A familiar axiom in military parlance is that amateurs talk strategy; professionals talk logistics. The explanation is that logistics form the immutable foundation that both strategy and tactics require. This theme carries through to AI, with the foundation being the data and information that feed into AI systems.
This concept is reflected in comments by Craig Martell, the US’s Department of Defense’s first Chief Digital and AI Officer – stating that more attention and energy needs to be paid to data, which serves as the basis of the AI’s hierarchy of needs. Martell states that the “foundation is data, quality data, accessible, clean, regularly updated and with a notion of ownership”. Martell has correctly asserted that whilst the broad flexibility of AI makes it a powerful combat multiplier, AI is only as good as the data it receives and is trained on. Military organisations must have a good idea of how information flows on the battlefield before they can apply a comprehensive AI solution to manage it.
How Important is Information on the Battlefield?
The importance of the relationship between information and warfare has been continuously emphasised and recorded throughout history. Sun Tzu famously wrote that all of warfare is based on deception. Whilst this statement is not wrong, and undoubtedly, the primary objective of any combatant during warfare is to deceive the adversary (to make winning easier), the subtlety of Sun Tzu’s profound statement runs deeper than deception.
Deception could be viewed as manipulating information that is either displayed or portrayed to the enemy to coerce them into an action while the friendly force protects its own sources of information. This information input (and output) is a critical component of warfare, and all decisions that flow from this information input are assessed in context with temporal and uncertainty pressures.
A more accurate statement may be that all warfare is fundamentally based on information, both in the control and use of it.
Given that information dominates all aspects of warfare, the problem set extends to how a military can best filter, control, categorise, and distribute the types of information on the battlefield. Military decision-makers are often faced with complex decisions in non-routine situations – often for which no rules-based solutions exist. These decisions are framed in an environment of uncertainty, and to be effective, decisions need to be made on up-to-date, relevant, and timely information.
Data vs Information
While information and data are interrelated, they are separate and distinct components. The term information can be defined in various ways, but the broadly accepted definition is that information is processed, organised, and structured data presented in a meaningful context.
Information is predominantly fed by data – a collection of raw, unorganised facts and details, like figures, observations, text, symbols, and descriptions of things.

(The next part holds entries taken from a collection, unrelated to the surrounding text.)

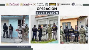 Operación “Restitución” forma parte de la “Estrategia para la Restitución de la Propiedad”, impulsada desde la Mesa de Coordinación para la Construcción de la Paz, que en la entidad encabeza la Gobernadora Delfina Gómez Álvarez, en la que participan la DEFENSA, MARINA, GN, así como del Gobierno del Estado de México a través de la SSEM.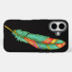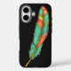 IPhone 16 Gehäuse mit farbenfroher grüner und orangefarbener Feder.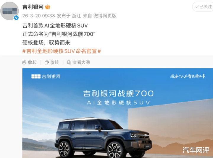 3月20日,吉利银河正式官宣旗下首款AI全地形硬核SUV定名为银河战舰700,这款被网友称作“杭州湾卫士”的硬派方盒子车型,一经定名便引爆全网热议,不少网友直言:只要定价合理,必成爆款。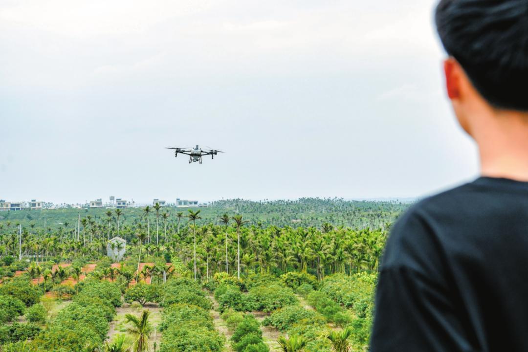 近日,在琼山区三门坡镇的火山荔枝种植基地,果农正使用无人机进行疏花控花。苏弼坤 摄

Without context, the process appears straightforward – military commanders take raw, unorganised facts and details, filter, process, and structure them to gain information that can be utilised to decide, translating data into an action or order that creates an effect. Whilst the solution is simple, ensuring commanders have reliable, relevant information at the right time and place has consumed military thinking power for decades. With no clear answer on the horizon, the flexible nature of AI offers a potential solution to the problem.
The growing problem
The concerning thing is that this data problem is increasing at a near-exponential rate. In 1986, the estimated global data generated for the year was 2.6 exabytes. This number has seen an exponential increase over the past four decades, with a recent study by Raconteur estimating that by 2025, the global population will generate 463 exabytes of data per day.
This growth of data is also witnessed on the battlefield. Consider an eight personnel section, each member equipped with some sort of multi-spectral sensor or real-time video recording system. Additionally, the section has several autonomous vehicles – both air and ground supporting them. This section has the capacity to generate 75 Megabytes/second of data. That’s 4.5 Gigabytes per minute, 270 Gigabytes per hour, or 6.5 Terabytes per day. That is a phenomenal amount of raw data, which must be managed or processed in some method.

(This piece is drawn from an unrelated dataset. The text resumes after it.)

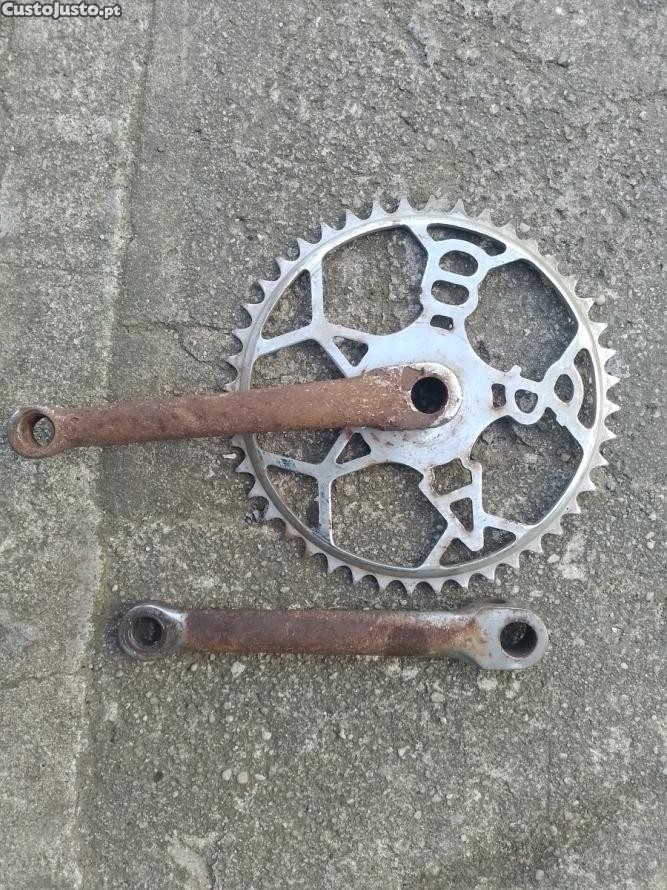 Made in England Old Bike Store pedaleira B.S.A antiga dentes como novos para a sua bicicleta de época ou para o seu restauro completa com o crenk do lado esquerdo está como mostra as fotos tenho mais bicicletas e peças ver os meus outros anúncios para contactar ou tirar alguma duvida através do anuncio enviar mensagem ao anunciante preferencialmente pois o contacto apresentado nem sempre está disponível muito obrigado..

This exponential growth is being witnessed in conflicts today, highlighted by the war in Ukraine with a blending of military & civilian data sources. High-resolution imagery from Maxar is being used to track tank convoys, skirmishes posted on TikTok alert data gatherers about battles, and Ukrainian intelligence receives tens of thousands of daily reports on Russian movements.
Big Data
So how do we address the problem? The concepts of ‘Big Data’ have been studied for a number of years, and big data is typically broken down into different components and address data that contains greater variety, arriving in increasing volumes, and with more velocity (the three V’s). These three V’s were first termed in a Gartner blog by Doug Laney, and they have been supplemented with some emerging V’s over the past decade – Value and Veracity. Each aspect is relevant to the modern military information problem.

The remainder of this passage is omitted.